この悲劇はキャリーの執筆をより一層難しくさせた。書き始めのころ、彼はびっしり三ページタイプをしたところで怒りのあまりそれをぐしゃぐしゃにし、ゴミ箱の中に突っ込んでしまった。彼は自分自身に失望した。彼の批判は――彼が女性的な見地から物事を書くことができないというのは実にまっとうな批判だった。物語全体にも彼はうんざりした。キャリー・ホワイトは苛々する人物だったし、しかもよく訓練された被害者だ。もっと悪いことにプロットの流れは極めて遅かった。つまり出来上がるであろう作品はどの雑誌に載せるにも長すぎるのである。


「私は二週間、あるいはおそらく一ヶ月も使って好きになれない小説を書き上げるような余裕はなかったんです。しかも売れそうにないとわかっているのに」とキングは自伝「小説作法」に残している。「だから私はそれを捨てたんです――だって貧しい女の子の月経問題についてかかれた本なんか誰も読みたくないじゃないですか」


翌日、タビーは洗濯室のゴミ箱を空にしようとして、三枚のくしゃくしゃの紙を見つけた。彼女はそれを手に取り、煙草の灰を払い落としてページをのばした。キングが仕事から帰ってきても、彼女はまだそれを手にしていた。


「これ、すごくいいとおもうわ」と彼女は言った。「かなりイケてると思う」
それから数週間後、タビーは夫に女性の世界を案内し、キャラクターの作り方を指南した。そしてあの有名なシャワーシーンを書かせたのである。キングは最終稿を仕上げた。


だが、30の編集者がキャリーをリジェクトした。

PUBLISHED AT LAST /ついに出版の日が

ハンプデンアカデミーの日々も五期目に入っていた。彼はそれまでの期と全く同じようにグロッキーになりながら教員用ラウンジで試験の採点をしていた。頭ではうたた寝できたらどんなにいいかと思っていたが、そんなわけにもいかない。と、その時、校内放送がラウンジに轟いた。事務所の秘書の声だった。
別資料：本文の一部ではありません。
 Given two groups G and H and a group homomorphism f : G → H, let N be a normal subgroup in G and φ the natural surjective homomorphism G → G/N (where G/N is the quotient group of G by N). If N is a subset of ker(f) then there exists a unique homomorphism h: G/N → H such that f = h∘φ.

スティーブン・キングさん、どこにいらっしゃいますか?」と声は繰り返している。
彼は内線電話をとってラウンジにいると答えた。すると秘書は用件を告げた。
「オフィスまでいらしてください。電話ですよ。奥様からです」


彼はオフィスまで走っていった。タビーが仕事場に電話をかけてきたことなどない。それどころかタビーが彼に電話をかけてきたことなどなかった。なぜなら彼は電話を持っていないからだ。彼らは節約のために電話を撤去してしまっていた。電話をかけねばならない時、タビーは子どもたちをドレスアップさせ、近所の家まで引っ張っていかねばならない。そしてそこで電話を借りるのだ。しかしそんな悩ましいことをしなければならないのは、ひどく困ったときか、もしくは非常にすばらしいことが起こったときだけである。キングが電話をとった時、ふたりとも息を切らしていた。彼女は言った。ダブルデイ出版の編集者、ビル・トンプソンって人なんだけど、彼が電報を寄越したの。読むわね。
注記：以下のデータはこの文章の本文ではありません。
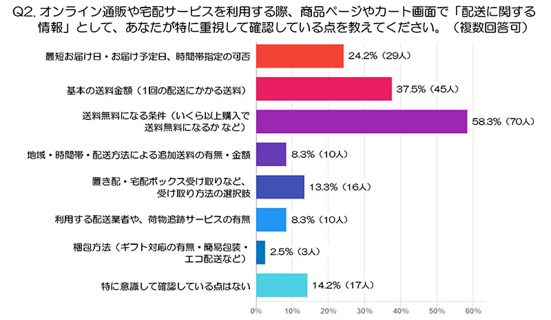 先の質問で「オンライン系チャネルを1つ以上選んだ人」を対象に、「配送に関する情報で重視している点」をヒアリングした。その結果、半数以上が「送料が無料になる条件(いくら以上購入で送料無料になるかなど)」と回答した。

“CONGRATULATIONS. CARRIE OFFICIALLY A DOUBLEDAY BOOK. IS $2500 ADVANCE OKAY? THE FUTURE LIES AHEAD. LOVE, BILL.”
「おめでとう。キャリーは正式にダブルデイ出版から発売されます。前金2500ドルでどうでしょう? 未来は明るいよ。本当におめでとう。ビルより」


キングは切り抜けたのだった。2500ドルは大金ではない。教師をやめ、完全にフルタイムで作家業をやるには、という意味では全然十分ではない。でも、彼が今まで小説を書いて得た金額としては一番多かった。キングはその前金でぴかぴかのFord Pinto*2を買い、トレーラーハウスから引っ越してメーンのバンガーにある四部屋もあるアパートに移り住んだ。食糧を買う十分なお金にもあるし、もちろん電話を引く余裕もある。


しかしたっぷりの印税が銀行口座を補充してくれるだろうという当てははずれ、キャリーはハードカバーで13000部しか売れなかった。この生ぬるい売上では1974年も教職の契約を新たに結ばねばならない。彼はしぶしぶと自分を納得させ、契約を結んだ。その合間に新しい小説、"The House on Value Street"をはじめたが、母の日にまたキャリーが彼のもとに帰ってきたのである。


全てを変えたのは一本の電話だった。ビル・トンプソンが再びしらせをよこしたのだ。
「君は今、座っているかね」と彼は聞いた。


キングはその時一人で家にいて、キッチンとリビングの境目にちょうどたっていたので、「座ったほうがよいですか?」ときいた。
「そうしたまえ」とトンプソンは言った。


"The paperback rights to Carrie went to Signet Books for $400,000 ... 200K of it’s yours. Congratulations, Stephen.”
「キャリーのペーパーバックの権利をサイネット出版が40万ドルで買った……うち20万ドルは君のものだ。おめでとう、スティーブン」


足から力が抜け、キングは思わず床にへたり込んでしまった。彼は文学的運命に打ち勝ったことに興奮して体を震わせたが、このニュースを分かち合ってくれる人は誰も家にいない。タビーは祖母の家に子供を連れて行ってしまっていて不在だった。でも、お祝いとしてすぐにでもタビーに母の日の贈り物を買わねばと彼は思った。彼は彼女になにか豪勢なもの、とにかく忘れられないものを買ってあげたかった。キングは急いでバンゴーのダウンタウンへ走っていった。その日は日曜でどの店も閉まっていたが、ドラッグストアだけは開いている。そこで彼はタビーに一番必要なものを買った。ドライヤーである。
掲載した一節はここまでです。